Here, we investigate how the β-factor in the Q.Clear algorithm affects quantitation and variability of tracer uptake in a dynamic ¹⁸F PET data set. The phantom study was designed to mimic a clinical dynamic PET scan (i.e. structures of various sizes, combination of frames of variable durations and repeated scans).
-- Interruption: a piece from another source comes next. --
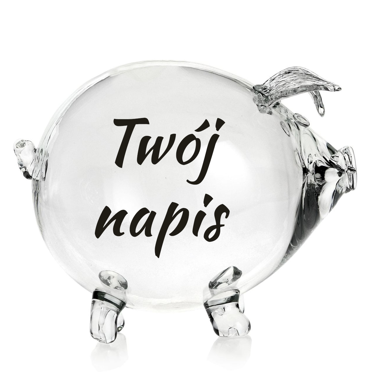 Skarbonka ŚWINKA szklana z dowolnym NADRUKIEM - napis CZARNY

In addition, two clinical cases were included to illustrate the impact of β-factor on the pharmacokinetic analysis of clinical ¹⁸F PET brain data.

Phantom study

Phantom

A Flangeless Esser PET Phantom (model PET/FL/P) with hollow sphere sets ECT/HS/SET6 and ECT/MI-HS/SET4 (Data Spectrum Corporation, Hillsborough, NC, USA) was used in this study. The phantom has an inner diameter of 20 cm, and eight hollow spheres with inner diameter of 25, 15, 12, 10, 7.9, 6.2, 5.0 and 4.0 mm (volumes of 8.0, 2.0, 1.0, 0.5, 0.25, 0.125, 0.063 and 0.031 ml, respectively) were mounted in the phantom sorted according to diameter, with the six largest spheres in the circular positions 57.2 mm off centre, the second smallest spheres 28.6 mm off centre, and the smallest in the centre. No further inserts were used, see layout in Fig. 1. The spheres and the background compartment were filled with 17.2 kBq/ml and 1.6 kBq/ml ¹⁸F-FDG (ratio = 10.5), respectively.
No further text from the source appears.